Could you write out all the records once more, exactly?

[Collected data entries]
----

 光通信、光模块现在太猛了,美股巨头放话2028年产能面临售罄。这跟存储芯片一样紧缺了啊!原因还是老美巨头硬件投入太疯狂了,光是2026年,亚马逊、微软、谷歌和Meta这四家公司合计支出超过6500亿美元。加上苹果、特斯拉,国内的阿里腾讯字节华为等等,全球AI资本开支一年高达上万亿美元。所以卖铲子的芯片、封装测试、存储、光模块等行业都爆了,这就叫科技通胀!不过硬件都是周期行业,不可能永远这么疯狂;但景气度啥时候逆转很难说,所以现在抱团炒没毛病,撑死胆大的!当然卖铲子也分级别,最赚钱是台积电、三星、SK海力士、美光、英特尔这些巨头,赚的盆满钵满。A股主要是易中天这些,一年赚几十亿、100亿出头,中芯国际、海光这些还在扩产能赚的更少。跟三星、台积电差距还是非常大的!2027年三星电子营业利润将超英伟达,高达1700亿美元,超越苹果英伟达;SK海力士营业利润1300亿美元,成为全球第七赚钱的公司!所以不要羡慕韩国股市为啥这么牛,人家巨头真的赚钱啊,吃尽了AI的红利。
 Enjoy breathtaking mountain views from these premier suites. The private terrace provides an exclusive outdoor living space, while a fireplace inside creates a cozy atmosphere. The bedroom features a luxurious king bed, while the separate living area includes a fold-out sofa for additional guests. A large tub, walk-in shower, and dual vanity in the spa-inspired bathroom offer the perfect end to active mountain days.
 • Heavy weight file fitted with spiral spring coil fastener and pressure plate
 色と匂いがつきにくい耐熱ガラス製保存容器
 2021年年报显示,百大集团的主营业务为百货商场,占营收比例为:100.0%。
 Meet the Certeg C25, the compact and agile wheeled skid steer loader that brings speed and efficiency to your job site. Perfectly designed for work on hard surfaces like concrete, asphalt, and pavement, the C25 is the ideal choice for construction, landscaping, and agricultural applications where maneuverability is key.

----

### SOLUTION
 光通信、光模块现在太猛了,美股巨头放话2028年产能面临售罄。这跟存储芯片一样紧缺了啊!原因还是老美巨头硬件投入太疯狂了,光是2026年,亚马逊、微软、谷歌和Meta这四家公司合计支出超过6500亿美元。加上苹果、特斯拉,国内的阿里腾讯字节华为等等,全球AI资本开支一年高达上万亿美元。所以卖铲子的芯片、封装测试、存储、光模块等行业都爆了,这就叫科技通胀!不过硬件都是周期行业,不可能永远这么疯狂;但景气度啥时候逆转很难说,所以现在抱团炒没毛病,撑死胆大的!当然卖铲子也分级别,最赚钱是台积电、三星、SK海力士、美光、英特尔这些巨头,赚的盆满钵满。A股主要是易中天这些,一年赚几十亿、100亿出头,中芯国际、海光这些还在扩产能赚的更少。跟三星、台积电差距还是非常大的!2027年三星电子营业利润将超英伟达,高达1700亿美元,超越苹果英伟达;SK海力士营业利润1300亿美元,成为全球第七赚钱的公司!所以不要羡慕韩国股市为啥这么牛,人家巨头真的赚钱啊,吃尽了AI的红利。
 Enjoy breathtaking mountain views from these premier suites. The private terrace provides an exclusive outdoor living space, while a fireplace inside creates a cozy atmosphere. The bedroom features a luxurious king bed, while the separate living area includes a fold-out sofa for additional guests. A large tub, walk-in shower, and dual vanity in the spa-inspired bathroom offer the perfect end to active mountain days.
 • Heavy weight file fitted with spiral spring coil fastener and pressure plate
 色と匂いがつきにくい耐熱ガラス製保存容器
 2021年年报显示,百大集团的主营业务为百货商场,占营收比例为:100.0%。
 Meet the Certeg C25, the compact and agile wheeled skid steer loader that brings speed and efficiency to your job site. Perfectly designed for work on hard surfaces like concrete, asphalt, and pavement, the C25 is the ideal choice for construction, landscaping, and agricultural applications where maneuverability is key.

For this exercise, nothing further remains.